▶ **Required work**
Beginning with the line containing "1.通过二乙胺和丁酸合成N,N-二乙基丁酰胺,收率约88%;" and ending with the line containing "這是有相關(guān)統(t", write out each line of the records below exactly; pictures and lines outside that range are left out.

▶ **Listed records**
········

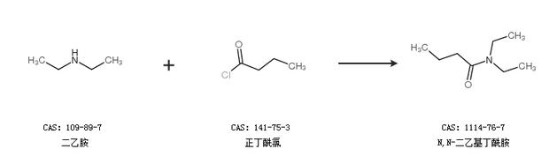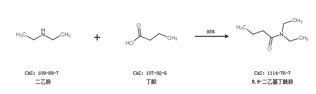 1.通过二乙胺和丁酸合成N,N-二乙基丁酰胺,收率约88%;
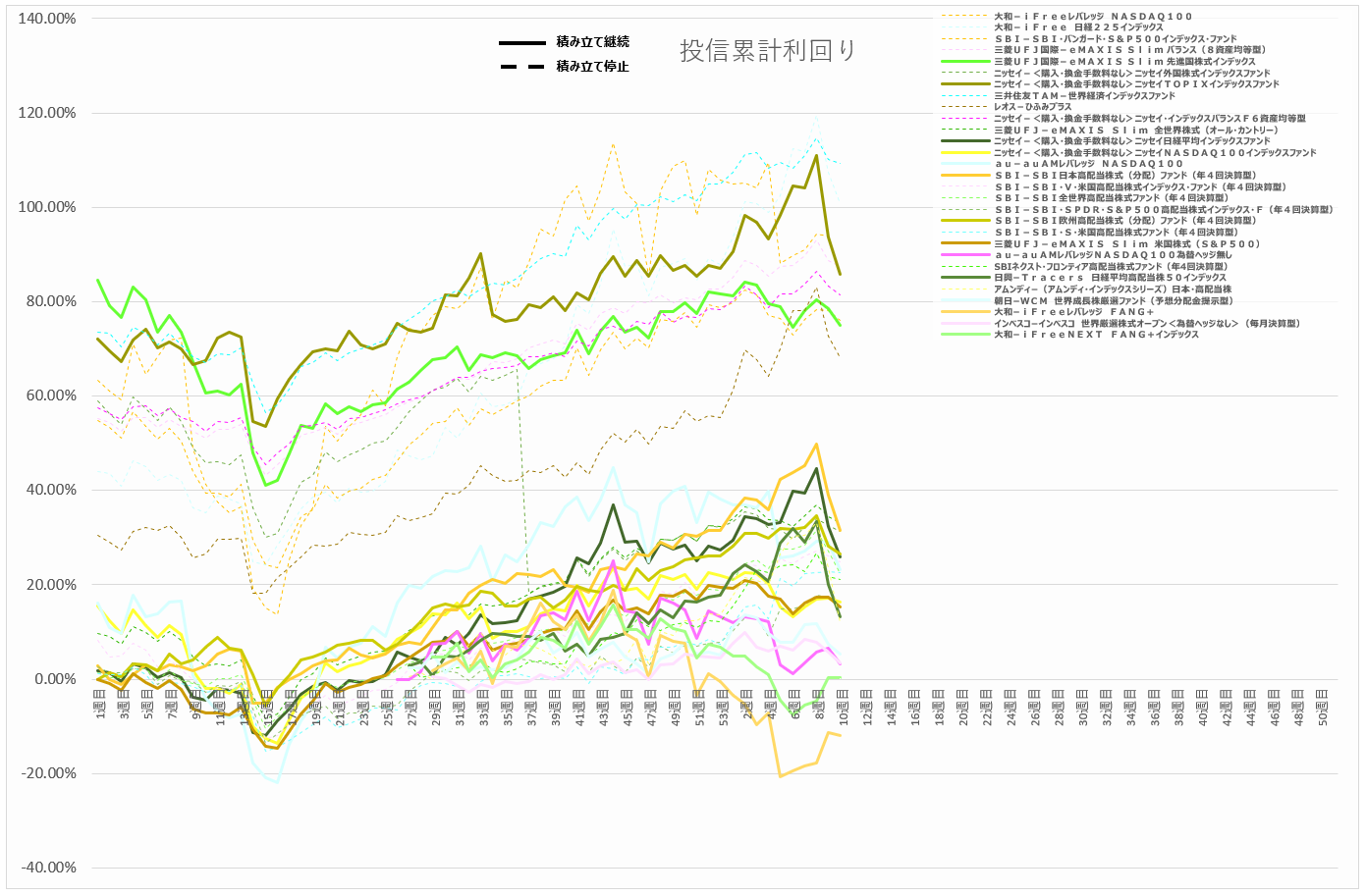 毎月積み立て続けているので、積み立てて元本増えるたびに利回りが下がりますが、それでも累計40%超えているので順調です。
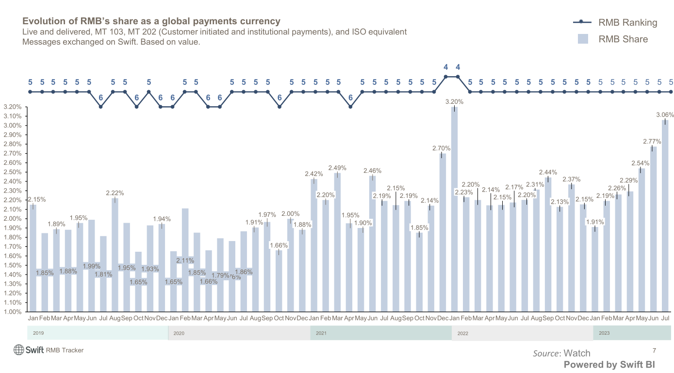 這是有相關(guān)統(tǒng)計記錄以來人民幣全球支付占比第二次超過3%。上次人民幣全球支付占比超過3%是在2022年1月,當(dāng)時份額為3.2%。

········

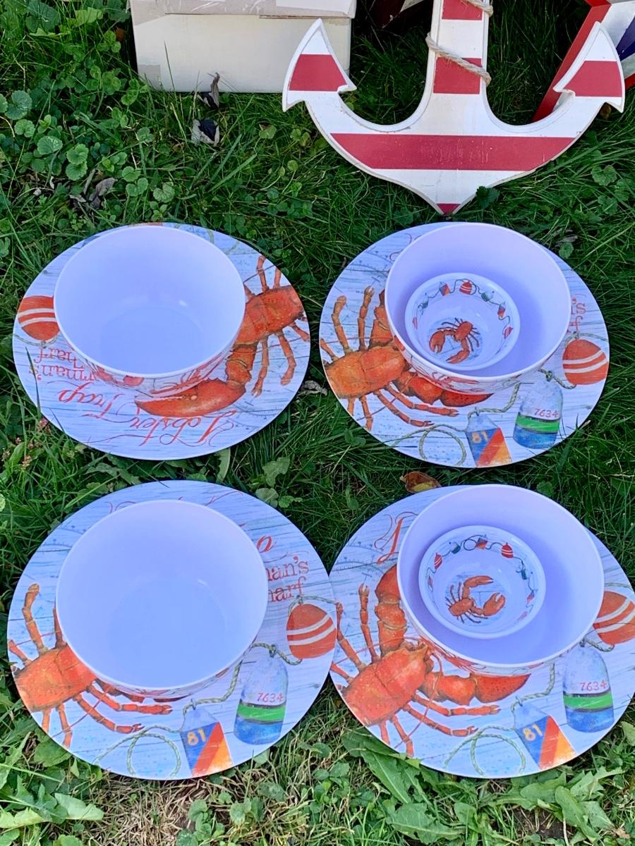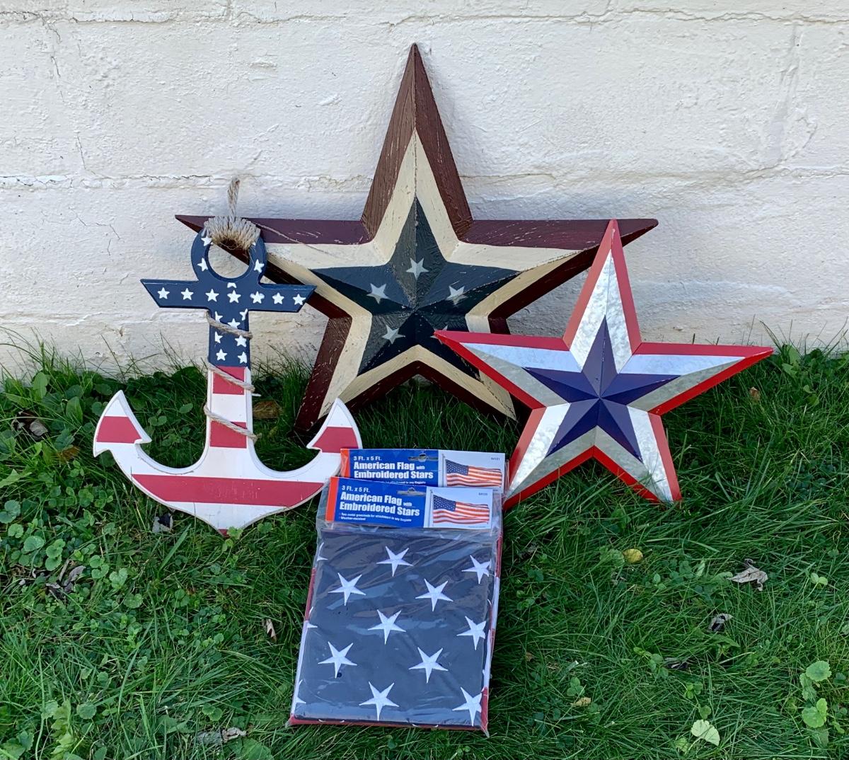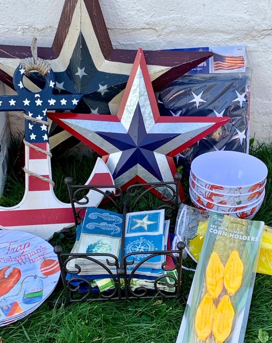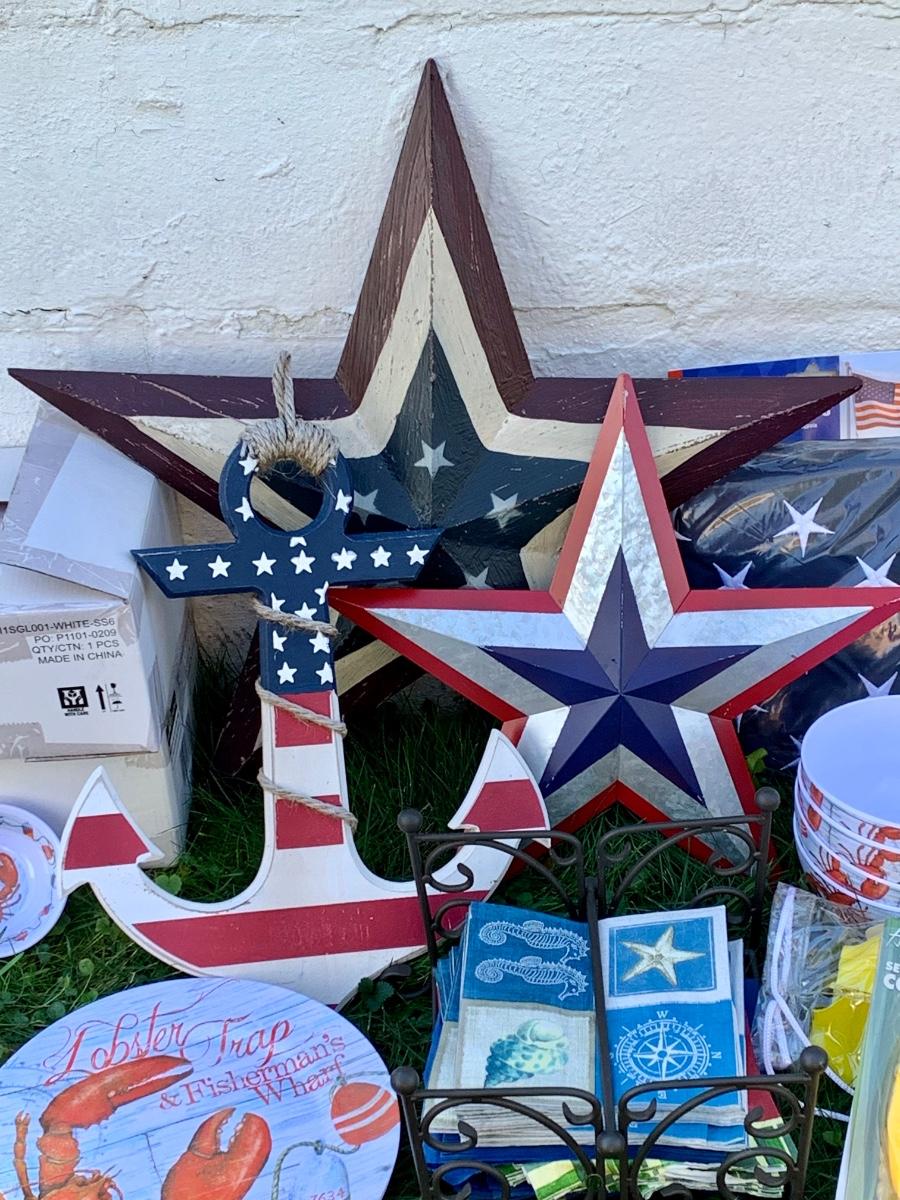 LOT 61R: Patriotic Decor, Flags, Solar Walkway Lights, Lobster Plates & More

········

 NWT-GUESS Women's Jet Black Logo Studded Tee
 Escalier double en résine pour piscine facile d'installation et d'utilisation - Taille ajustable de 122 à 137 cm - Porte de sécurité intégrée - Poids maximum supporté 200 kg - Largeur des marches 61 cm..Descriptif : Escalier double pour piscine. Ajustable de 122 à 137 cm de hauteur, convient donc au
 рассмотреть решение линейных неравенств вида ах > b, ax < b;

········

▶ **Solution to the problem**
 1.通过二乙胺和丁酸合成N,N-二乙基丁酰胺,收率约88%;
 毎月積み立て続けているので、積み立てて元本増えるたびに利回りが下がりますが、それでも累計40%超えているので順調です。
 這是有相關(guān)統(tǒng)計記錄以來人民幣全球支付占比第二次超過3%。上次人民幣全球支付占比超過3%是在2022年1月,當(dāng)時份額為3.2%。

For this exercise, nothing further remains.